Whether you trust her as a narrator or believe her story exactly as she tells it (and I think there’s plenty of reason to believe almost all of her story, and trust most of her story as narrator), it’s hard to come away from this book or any write-up of Assata Shakur’s life and not feel like she was absolutely railroaded by the US government. Sometimes people in liberal-ish circles have a real hard time dealing with ambivalent or worse contradictory feelings about the US. For me, I think we’re more or less stuck with it, and I have enough privilege to make a reasonable go of it, and don’t want to stand in the way of any progress that we need to make as a country (within some constraints I won’t get into). I have never had any illusions about police behavior, and the fact that not every single police officer I have ever met has treated me as horribly as the ones who treated me the worst (and again, I’ve gotten off pretty lightly) has done nothing to make me trust any of them. So when you begin this memoir with Assata Shakur being shot, arrested, beaten, had said within her earshot that they should wait until she’s dead to move her, chained to a hospital bed, not allowed to speak to her lawyer (and then only for five minutes), being charged in the hospital, being arraigned in the hospital, and then being interrogated by police without her lawyer present, well, it shouldn’t actually matter much if you believe she is guilty or not. And that’s all before you hear her side of the story, which is convincing. And if you’re not convinced, then you get the on-record version of a second trial where she has been accused of robbing a bank. Her photos are doctored, she’s accused of losing weight in prison on purpose to not look like the accused bank-robber, and she’s made to wear a wig and glasses in court, and they still can’t convict her.

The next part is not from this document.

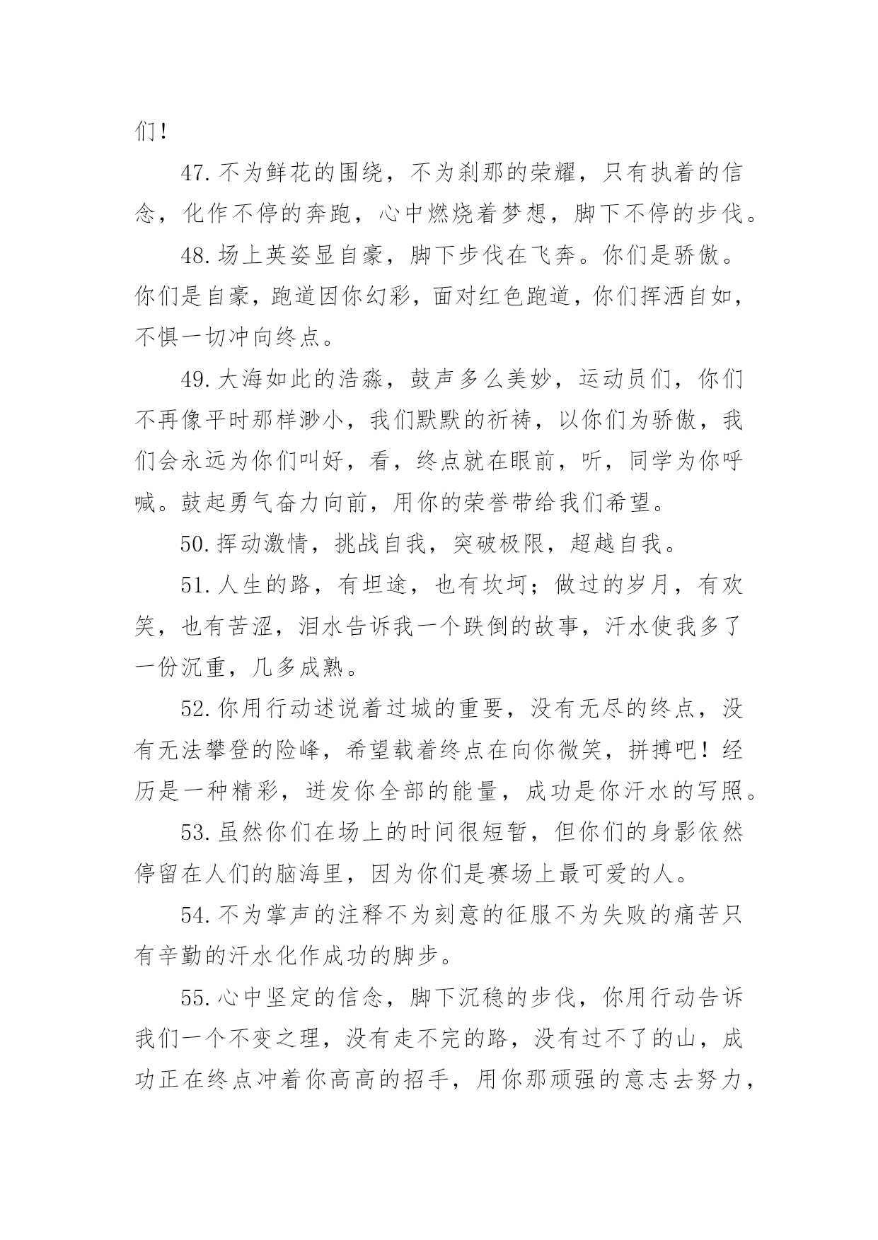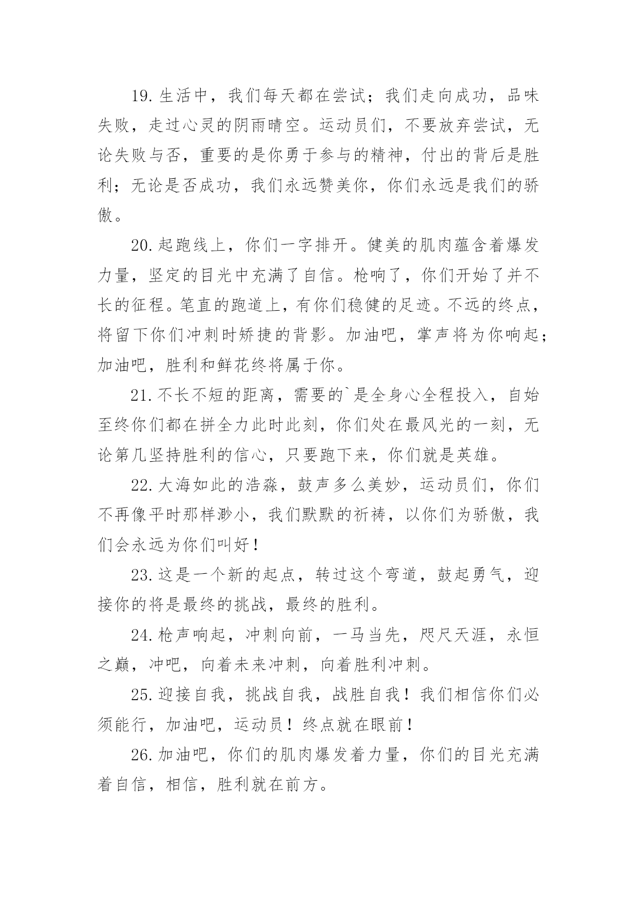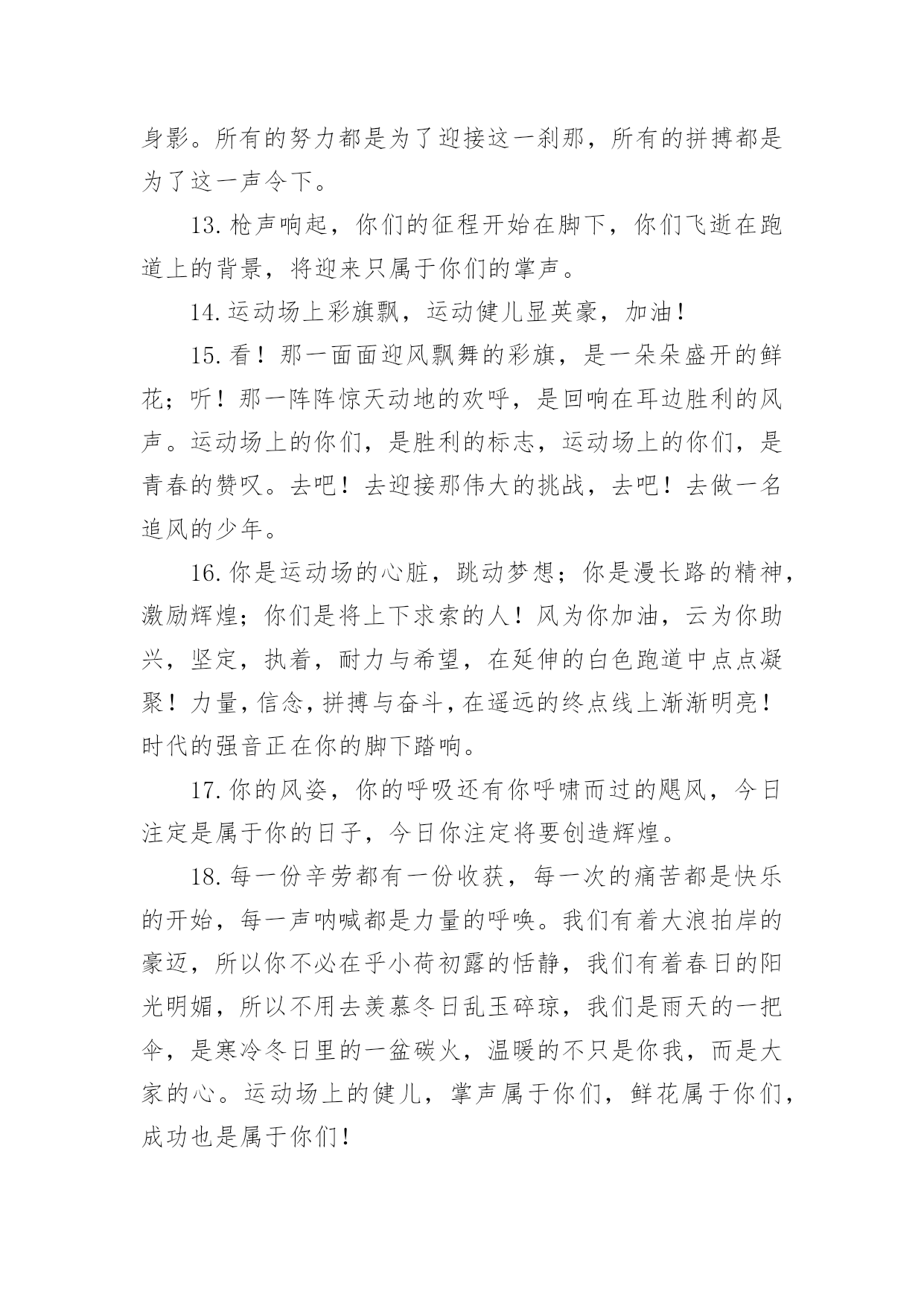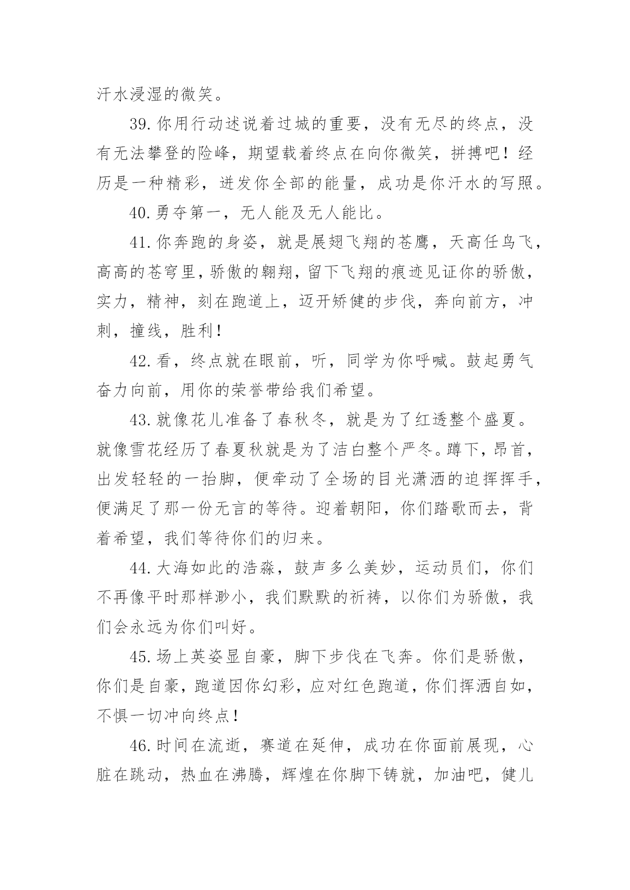 运动会加油稿运动会加油稿[共15篇]随着社会不断地进步,需要使用加油稿的场合越来越多,借助加油稿可以表达对对方的鼓励和支持。怎么写加油稿才能避免踩雷呢?以下是小编为大家收集的运动会加油稿,仅供参考,希望能够帮助到大家。运动会加油稿11.有些运动员,就只是来充充数的,就像我,在这些比赛当中,一般不太会进入决赛;而有些运动员,则是那些有实力的运动员,总是可以得名次。2.总而言之,我们应该养成平时爱锻炼身体的好习惯:早上锻炼身体是为了健身,中午锻炼身体是为了消化,晚上锻炼身体是为了放松心情。让我们都变成爱运动、健康的好孩子吧!3.心中坚定的信念,脚下沉稳的步伐,你用行动告诉我们一个不变之理,没有走不完的路,没有过不了的山,成功正在终点冲着你高高的招手,用你那顽强的意志去努力,去迎接终点的鲜花与掌声,相信成功一定是属于你。4.致运动员。你是跑道上划过的流星,燃烧自己,洒下光辉,也许你并没有看到成功像你挥手,但你已奋斗拼搏过,相信自己,力量就在心中。5.你胜利了。望着远方红色的终点线,那是汗水铺成的路,泪水堆成的.山,平时的努力与奋战,不就为这一瞬间,于是你们用尽全身力气,冲向那决定命运的红线,你胜利了,耳旁飘来了同学们的欢呼与赞叹。运动会加油稿21.理想毕竟不同于现实,失败是生活的一部分,谁也无法选择,无法拒绝。人生要自己去拼搏,去奋斗,在风雨中百折不挠勇往前进,在集资的每个驿站上都留下一段不悔的回忆。流泪不是失落,徘徊不是迷惑,成功属于那些战胜失败,坚持不懈、勇于追求梦想的人。加油吧,运动健儿们!2.真心祝愿机会是什么?是不可错过的刹那间。呐喊是什么?是为那刹那间的真心祝愿。加油加油你肯定听到了那一声声呐喊你肯定看到了那双双期待的眼睛你肯定感受到了那发自内心的祝愿。3.不为掌声的诠释,不为刻意的征服,只有辛勤的汗水化作追求的脚步,心中坚定的信念,脚下你的汗水洒在跑道,浇灌着成功的花朵开放。你的欢笑飞扬在赛场,为班争光数你最棒。跑吧,追吧在这广阔的赛场上,你似骏马似离铉的箭。跑吧,追吧你比虎猛比豹强。4.你们挥舞着充满力量的双臂看着实心球化成美丽的弧线我着实在心里佩服你们你们抛出了自己的水平。5.一根小小的木棒,连接的是团结和友爱一根小小的木棒,传递的是勇气和力量一根小小的木棒,演绎的是奋斗和拼搏加油吧!让这激动人心的时刻,一直回荡在我们心中!6.只是一道过场,几秒钟转瞬即逝,可是这背后承载的是多少成败,加油吧,少年。7.我运动,我健康,此时我欢乐。8.一根小小的木棒,连接的是团结和友爱一根小小的木棒,传递的是勇气和力量,一根小小的木棒,演绎的是奋斗和拼搏,加油吧!让这激动人心的时刻,一直回荡在我们心中!9.有多少次挥汗如雨,伤痛曾添满记忆,只因为始终相信,去拼搏才能胜利。总在鼓舞自己,要成功就得努力。热血在赛场沸腾,巨人在赛场升起。相信自己,你将赢得胜利,创造奇迹;相信自己,梦想在你手中,这是你的天地。当一切过去,你们将是第一。相信自己,你们将超越极限,超越自己!相信自己,加油吧,健儿们,相信你自己。10.年轻的我们自信飞扬,青春的气息如同出生的朝阳,蓬勃的力量如同阳光的挥洒。此时此刻,跑道便是我们精彩的舞台,声声加油便是我们的奖项!论何成功,谈何荣辱,心中的信念只有一个:拼搏!萧瑟的秋风,挡不住你们破竹的锐气。11.广阔的绿茵场,是为你们搭建的舞台。张扬吧,年轻的心,我们将为你永远喝彩!12.泰戈尔在诗中说,天空没有翅膀的影子,但我已飞过;艾青对朋友说,也许有人到达不了彼岸,但我们共同拥有大海。也许你们没有显赫的成绩,但运动场上留下了你们的足迹。也许你们没有奖品,但我们心中留下了你们拼搏的身影。所有的努力都是为了迎接这一刹那,所有的拼搏都是为了这一声令下。13.枪声响起,你们的征程开始在脚下,你们飞逝在跑道上的背景,将迎来只属于你们的掌声。14.运动场上彩旗飘,运动健儿显英豪,加油!15.看!那一面面迎风飘舞的彩旗,是一朵朵盛开的鲜花;听!那一阵阵惊天动地的欢呼,是回响在耳边胜利的风声。运动场上的你们,是胜利的标志,运动场上的你们,是青春的赞叹。去吧!去迎接那伟大的挑战,去吧!去做一名追风的少年。16.你是运动场的心脏,跳动梦想;你是漫长路的精神,激励辉煌;你们是将上下求索的人!风为你加油,云为你助兴,坚定,执着,耐力与希望,在延伸的白色跑道中点点凝聚!力量,信念,拼搏与奋斗,在遥远的终点线上渐渐明亮!时代的强音正在你的脚下踏响。17.你的风姿,你的呼吸还有你呼啸而过的飓风,今日注定是属于你的日子,今日你注定将要创造辉煌。18.每一份辛劳都有一份收获,每一次的痛苦都是快乐的开始,每一声呐喊都是力量的呼唤。我们有着大浪拍岸的豪迈,所以你不必在乎小荷初露的恬静,我们有着春日的阳光明媚,所以不用去羡慕冬日乱玉碎琼,我们是雨天的一把伞

So for me, I don’t need to worry too much about the ultimate truth of innocence or guilt because the lengths that they go to to destroy are exponentially beyond what would be reasonable. Plus, I DO believe her.
So that’s about half of the memoir. The other half of the memoir intersperses scenes of Assata Shakur’s awakening to her suppressed state as a Black woman in the US. She’s deeply critical of the state apparatus, of Conservatives, of Liberals, of White socialists/Leftists, of certain elements of the Black Liberation Army and Black Panthers, and of plenty of other things. I think some of her analysis of US history is not wrong necessarily, but overly opaque at times, and I can’t get behind her fawning adoration of Castro’s Cuba, even if her reasons for feeling this way are more than justified.